President Donald Trump is expected to announce later Tuesday whether he will withdraw the United States from a 2015 agreement with Iran and world powers under which Tehran agreed to limit its nuclear activities in return for sanctions relief.
European countries and other proponents of the deal say it prevents Iran from quickly developing nuclear weapons. Critics of the deal, including Israeli Prime Minister Benjamin Netanyahu, say it doesn’t go far enough, and that sunset provisions would allow Iran to resume its pursuit of nuclear weapons in the future.

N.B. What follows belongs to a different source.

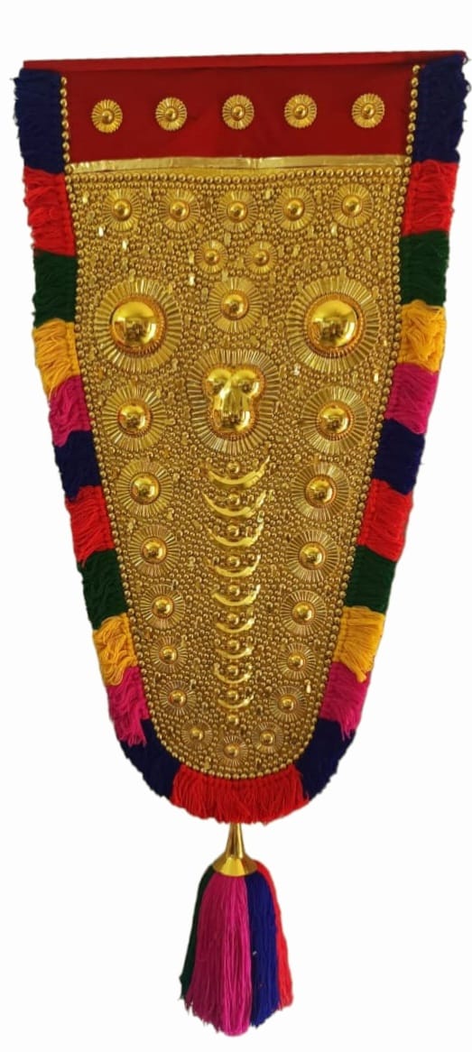 Nettipattam (Traditional Elephants Caparison in Malayalam നെറ്റിപ്പട്ടം) is a Kerala traditional handicraft, Which is used to decorate elephant in the time of festivals like pooram's. The gold colour of the Nettipattam makes its an eye-catching item during the Pooram festival. Different types of Nettipattam are available in our e-commerce Nettipattam is a glittering ornament and it adorns the forehead of an elephant. Earlier, Nettipattam was only used during festivals. In Kerala, elephants are decorated during the temple festivals. They wear a distinctive the golden head covering called a nettipattam, which is often translated into English as an elephant caparison. Legend has tells that the Nettipattam was designed by Lord Brahma. Iravath, the white elephant of Lord Indra Baghavan, was the first lucky elephant to wear Nettipattam It represents the entire pantheon of gods in Hinduism. Each bubble depicts Pancha-bhoothas Thrimoorthies, Navagrahas, Ashta-vasus, Saptarishis, Moola Ganapathi etc. So people believe that Nettipattam brings prosperity, peace and blessings. Nettipattam or Elephant caparisons is an essential item to decorate modern and traditional South Indian interior design. Customs and traditions of our country add glory to culture of our great nation . Temples , Rituals, Festivals, ultsavams , are the part the life of all Indians. Indians in every corner of the world have nostalgic memories of their country. So these handicrafts items like Nettipattam gives our guest rooms to create such an atmosphere in our visiting room or living rooms . Even the present generation who are unfamiliar with our tradition can get in touch with the culture of our country. Nettipattam is made with copper and pure gold is plating in it. Electro plated fibre Nettipattam is using for wall hanging. It is a trend to use it as a wall hangings in different sizes. Here we are offering you the Fiber Nettipattam with all its traditional scientific aspects. Nettipattam – Elephant caparison is not just a decoration. It is a great temple housing thirty three crore deities. Each of the golden orbs(beads) are the symbols and it represent different concept of God. Moolaganapati, Trimurtis, Saraswati, Lakshmi, Parvati, Sapta Rishis, Vishwamitra, Vishwakarma, Navagrahas and Ashtavasus. Moonbeams (Chandrakala) represents Sivasankalpa. According to the Vedas, 33 types of deities are worshiped by those who believe in Sanatana Dharma. Those deities are 12 Adityas, 11 Rudras, Ashtavasus, Indra and Prajapati. Adityas are 12 solar months and 12 levels of social life. The Ashtavasus are the 8 root deities who represent the different levels of nature. As per your preference, the vibrant brows are completely handcrafted in different sizes. You can select it as per your spice and size suitable for home or institutions. Contact us for quality original turbans (Elaphant caparison) and wall hanging nettipattams Earlier, Nettipattam was only used during festivals only. Today, it is a trend to use it as wall hangings in different sizes. The Traditional Nettipattam is made in copper and pure gold is plating in it. Now plastic & fibre Nettipattam's are available in market. Here we are offering you the Fiber Nettipattam from traditional crafts man in God's own country. It is ideal to be used in offices, homes and is also ideal to be presented as a gift to dear ones. The materials required are jute material, Jagathnath cloth (thick cotton cloth locally called), leather forms and the red cotton cloth material cut to the forehead length and width. Wholesale and Retail Available, and we can send it by courier to all over the world

Iran denies ever seeking atomic weapons, and has committed to not doing so as part of the agreement.
Trump has repeatedly criticized the deal and has indicated he will withdraw from it. It’s unclear how Iran would respond to such a move, but analysts say it is unlikely to immediately resume its pre-2015 nuclear activities.

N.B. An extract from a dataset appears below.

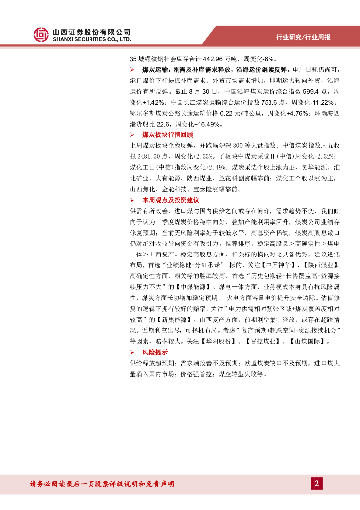 山西证券:煤炭行业周报:供需继续改善,煤价整体企稳回升.pdf

Here’s where Iran’s nuclear program stands under the deal:
URANIUM: Iran only can maintain a stockpile of 300 kilograms (661 pounds) of low-enriched uranium, compared to the 100,000 kilograms (220,460 pounds) of higher-enriched uranium it once had. Iran can only enrich uranium to 3.67 percent, which can be used to fuel a civilian reactor but is far below the 90 percent needed to produce a weapon.
CENTRIFUGES: Iran previously had some 20,000 centrifuges. It now can have no more than 6,104 older-model centrifuges at two inspected sites. Centrifuges are devices that spin rapidly and are used to enrich uranium.
OTHER NUCLEAR SITES: Iran reconfigured a heavy-water reactor so it couldn’t produce plutonium. It agreed to convert its Fordo enrichment site — dug deep into a mountainside — into a research center.
INSPECTIONS: The United Nations’ nuclear watchdog, the International Atomic Energy Commission, can inspect any declared nuclear site at any time. It also can request access to any other site deemed suspicious. Iran has 24 days to allow such an inspection. If Iran refuses, an arbitration panel weighs the request and sanctions can immediately restart.
SUNSET PROVISIONS: Fifteen years after the deal, restrictions on Iran’s uranium enrichment and stockpile size expire.
BALLISTIC MISSILES: Iran’s ballistic missile program is not a part of the nuclear deal, which has led to criticism from opponents of the accord.